Requirement: Each line of the data is to be output verbatim, with the images removed.

Dataset extract:
+++++
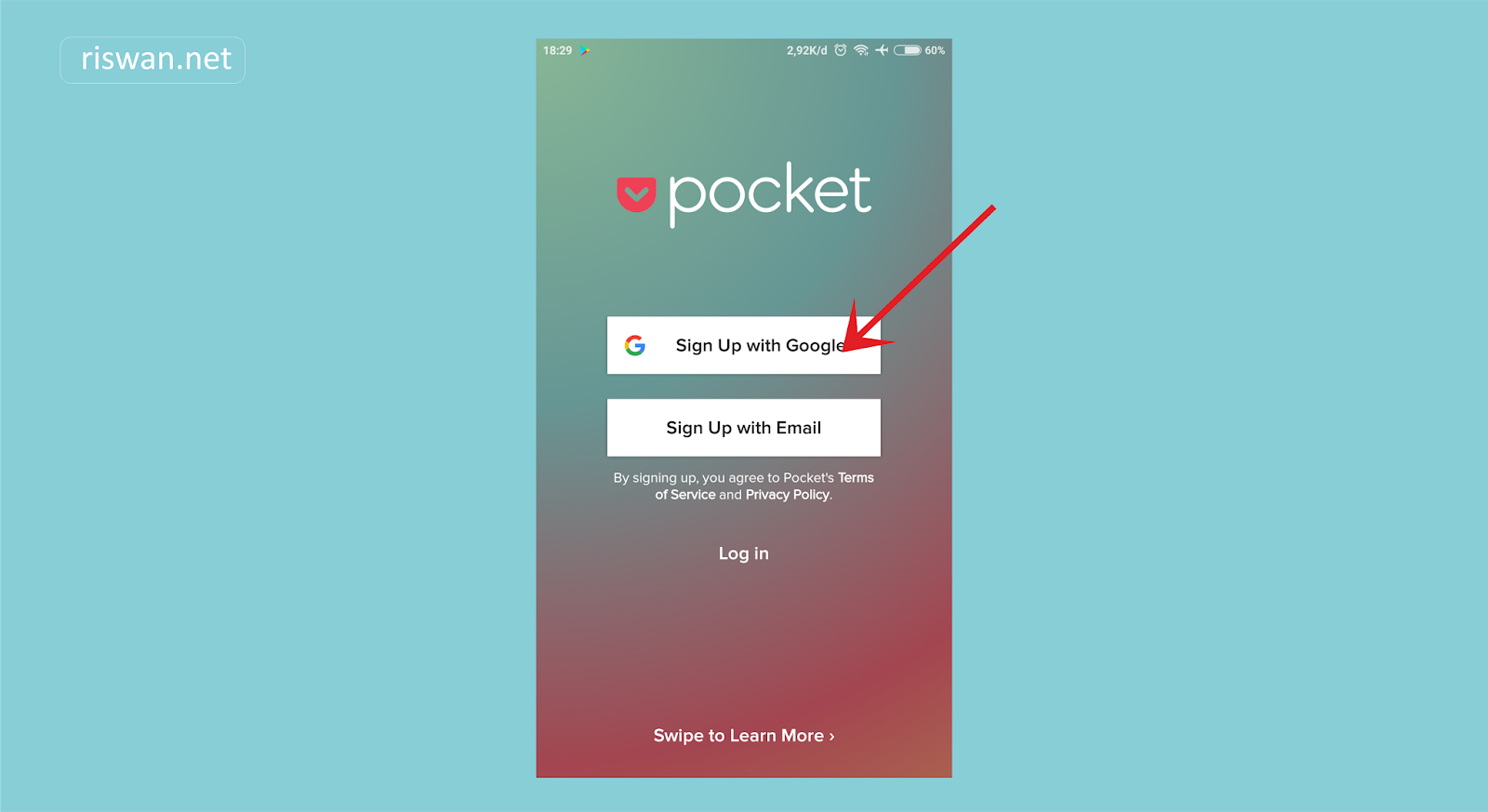 Langkah kedua, kemudian buka aplikasi Pocket, lalu tap Sign Up with Google / Email untuk mendaftar ke aplikasi. Jika sudah tap Log in. Selanjutnya silahkan buka aplikasi browser Chrome dan cari artikel atau informasi yang ingin sobat baca saat offline.
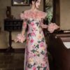 Áo dài trễ vai xếp hoa laser đẹp mắt Core Neva 25S1W660103H021
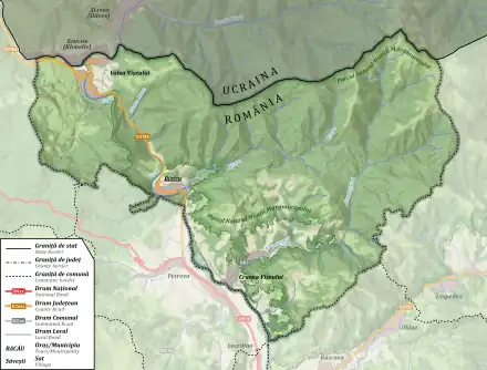 Comuna are o suprafață de 132,39 km2 și este în mare parte muntoasă și împădurită. Se învecinează cu Ucraina la nord, comuna Repedea la est, comuna Ruscova la sud-est, comuna Petrova la sud-vest și comuna Rona de Sus la vest.
+++++
Answer section:
 Langkah kedua, kemudian buka aplikasi Pocket, lalu tap Sign Up with Google / Email untuk mendaftar ke aplikasi. Jika sudah tap Log in. Selanjutnya silahkan buka aplikasi browser Chrome dan cari artikel atau informasi yang ingin sobat baca saat offline.
 Áo dài trễ vai xếp hoa laser đẹp mắt Core Neva 25S1W660103H021
 Comuna are o suprafață de 132,39 km2 și este în mare parte muntoasă și împădurită. Se învecinează cu Ucraina la nord, comuna Repedea la est, comuna Ruscova la sud-est, comuna Petrova la sud-vest și comuna Rona de Sus la vest.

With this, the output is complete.